======== Records for the exercise ========

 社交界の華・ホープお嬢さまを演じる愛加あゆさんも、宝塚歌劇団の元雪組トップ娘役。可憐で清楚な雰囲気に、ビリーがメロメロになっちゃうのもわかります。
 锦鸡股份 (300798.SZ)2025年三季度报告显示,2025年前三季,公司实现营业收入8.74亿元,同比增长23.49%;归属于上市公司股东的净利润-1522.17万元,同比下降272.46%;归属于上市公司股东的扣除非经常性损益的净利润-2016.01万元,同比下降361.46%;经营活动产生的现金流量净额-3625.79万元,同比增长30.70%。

========
======== Records for the exercise ========

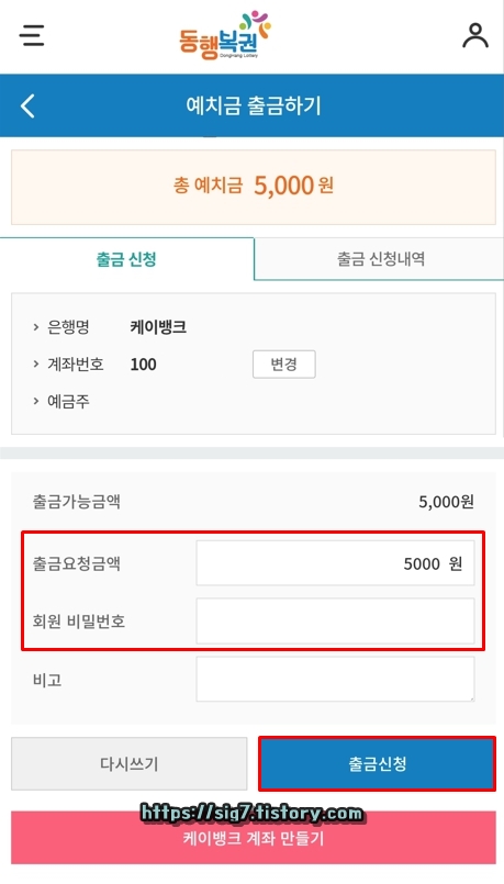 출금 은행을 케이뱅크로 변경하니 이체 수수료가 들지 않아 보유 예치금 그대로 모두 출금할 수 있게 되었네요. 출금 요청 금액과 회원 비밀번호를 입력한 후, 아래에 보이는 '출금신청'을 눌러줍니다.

========
======== Records for the exercise ========

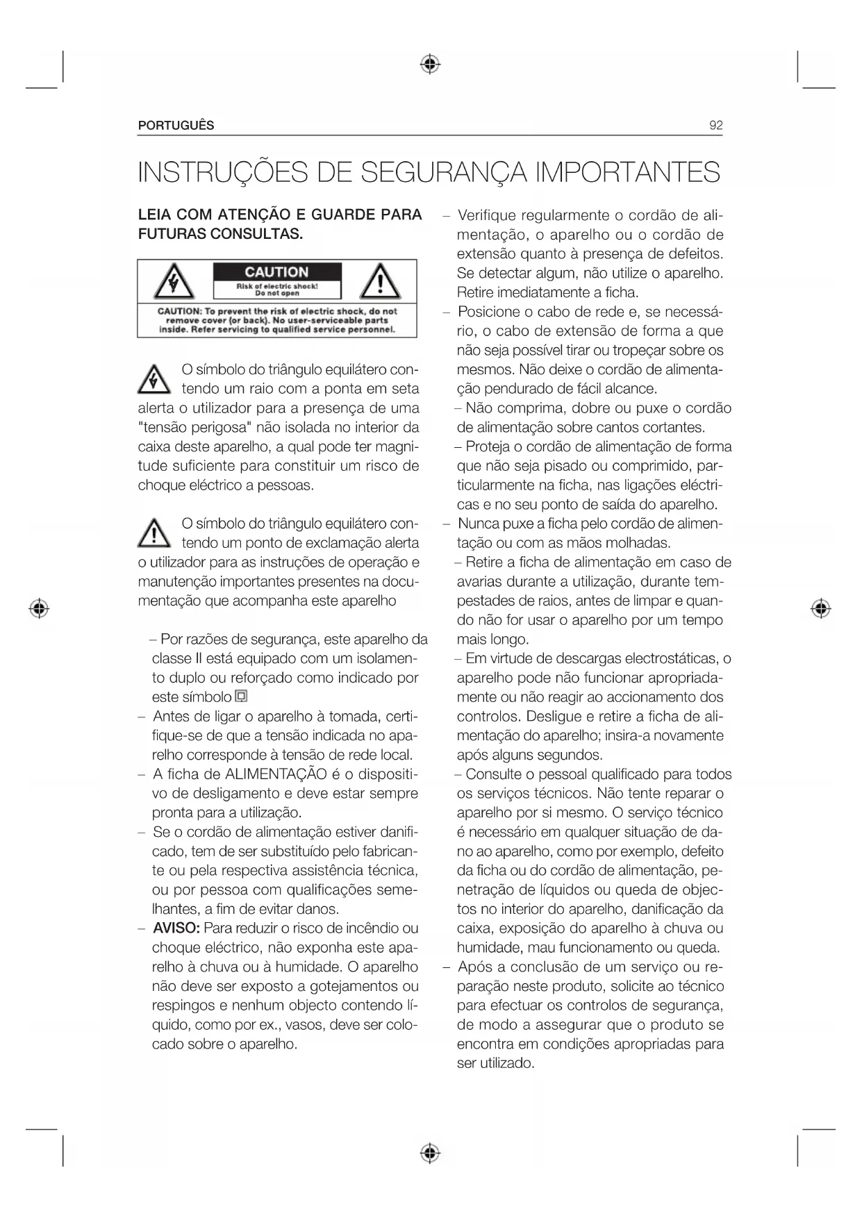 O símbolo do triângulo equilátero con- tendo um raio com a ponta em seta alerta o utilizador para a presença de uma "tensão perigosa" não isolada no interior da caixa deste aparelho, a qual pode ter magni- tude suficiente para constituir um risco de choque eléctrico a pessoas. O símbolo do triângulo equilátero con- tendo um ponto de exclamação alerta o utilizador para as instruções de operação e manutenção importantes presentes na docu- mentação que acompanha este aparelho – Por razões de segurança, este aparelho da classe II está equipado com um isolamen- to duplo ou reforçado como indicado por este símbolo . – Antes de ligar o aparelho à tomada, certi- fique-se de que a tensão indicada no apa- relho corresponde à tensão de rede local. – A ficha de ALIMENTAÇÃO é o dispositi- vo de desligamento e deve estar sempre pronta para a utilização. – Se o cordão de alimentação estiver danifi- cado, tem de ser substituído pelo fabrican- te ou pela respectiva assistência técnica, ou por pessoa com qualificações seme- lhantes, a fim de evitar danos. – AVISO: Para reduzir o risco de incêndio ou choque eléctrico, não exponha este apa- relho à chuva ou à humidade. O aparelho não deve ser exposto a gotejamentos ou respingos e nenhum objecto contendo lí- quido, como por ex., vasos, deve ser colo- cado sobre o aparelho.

========

▶ [Exercise goal] Retype exactly the lines above, from the one with "社交界の華・ホープお嬢さまを" through the one with "锦鸡股份 (300798.S", inclusive.

▶ [Written response]
 社交界の華・ホープお嬢さまを演じる愛加あゆさんも、宝塚歌劇団の元雪組トップ娘役。可憐で清楚な雰囲気に、ビリーがメロメロになっちゃうのもわかります。
 锦鸡股份 (300798.SZ)2025年三季度报告显示,2025年前三季,公司实现营业收入8.74亿元,同比增长23.49%;归属于上市公司股东的净利润-1522.17万元,同比下降272.46%;归属于上市公司股东的扣除非经常性损益的净利润-2016.01万元,同比下降361.46%;经营活动产生的现金流量净额-3625.79万元,同比增长30.70%。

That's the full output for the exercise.